Taliban Attack During Ambassador Holbrooke's Marja Visit
Ambassador's plane fired on as he lands, suicide bombers attack as he leaves.
MARJA, Afghanistan June 21, 2010— -- Ambassador Richard Holbrooke got a up close look at the Afghan war today, including gunfire at his aircraft and suicide bombers.
He visited Marja, a key town, to assess whether the new U.S. counter insurgency strategy is working or falling short.
Taliban gunmen tried to shoot down Holbrooke's V22 Osprey as it approached for a landing, triggering a gunbattle with the insurgents that lasted for about 10 minutes. And a trio of suicide bombers detonated themselves during an attack on the U.S. base as Holbrooke was leaving.

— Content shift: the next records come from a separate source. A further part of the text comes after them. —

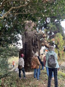 当日は冬晴れの下、滋賀県湖南市にあるJR三雲駅からボランティアガイドの説明を受けながら旧東海道を西に向けて出発。まずは、江戸時代に旅人の足元を照らし、目印となったと言われている常夜灯を起点とし、続いて弘法杉(こうぼうすぎ)と大沙川隧道(おおすながわずいどう)まで歩きました。「弘法杉(こうぼうすぎ)はその昔、弘法大使が昼食を取った後にこの地に杉の箸を刺し、今では大木となったと言い伝えられている」と聞くと、参加者らは下から見上げてその大きさを感じていました。その後も、ボランティアガイドの話に耳を傾け史跡をたどり、最終の見学地である酒蔵「北島酒造」に到着。1805年から続く酒蔵では、お酒ができるまでの工程や杜氏の仕事を見学し、販売所では水琴窟(すいきんくつ)の音色を聴きながら地酒の試飲をし、日本酒や酒かすなどの買い物を楽しんだ後、ゴール地点のJR甲西駅まで約5㎞を歩きました。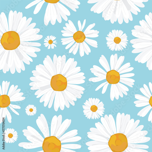 Vector seamless floral pattern with white daisy flowers and yellow centers on blue background, fresh spring botanical design for fabric and wallpaper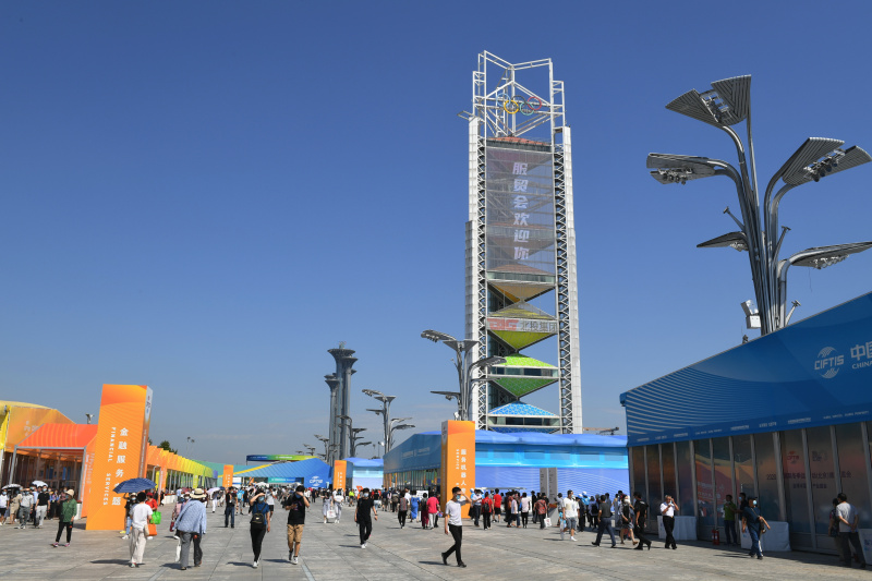Des gens visitent les zones d'exposition du Salon international du commerce des services de Chine 2020, à Beijing, capitale chinoise, le 7 septembre 2020

Holbrooke, the White House's special representative for Afghanistan and Pakistan, visited Kandahar and Marja today to see for himself what progress looks like here. He was traveling with Karl Eikenberry, the former Army general who is now U.S. ambassador to Afghanistan.
Marja was taken from the Taliban during a February offensive spearheaded by U.S. Marines, and is seen as an important test for the Obama administration's strategy.

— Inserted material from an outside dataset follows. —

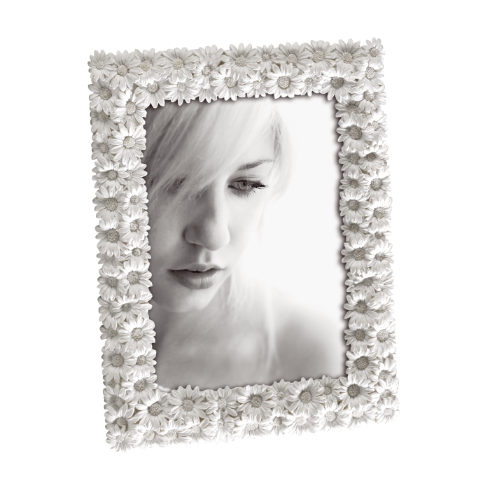 Portafoto in resina, con margherite a rilievo e rifinitura opaca.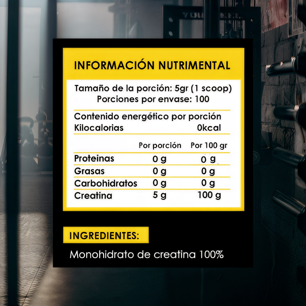 Cuando buscas maximizar tu fuerza, potencia y recuperación, necesitas lo esencial: creatina 100% pura y monohidratada. Sin saborizantes, sin ingredientes innecesarios, solo resultados.

But the Taliban have remained in the area engaging in an intimidation campaign aimed at those cooperating with the U.S. or the nascent Afghan government in the region, planting homemade bombs and getting into periodic firefights and rocket attacks targeting Marines and Afghan security forces.
Holbrooke and Eikenberry were traveling in a Marine Osprey, a tilt-rotor plane that can take off and land like a helicopter.
As the Osprey prepared to land in Marja, several gunshots rang out aimed at the incoming Osprey. By the time the plane had landed Afghan National police were laying down a hail of gunfire. Marines said they saw three or four men firing both at them and at the aircraft.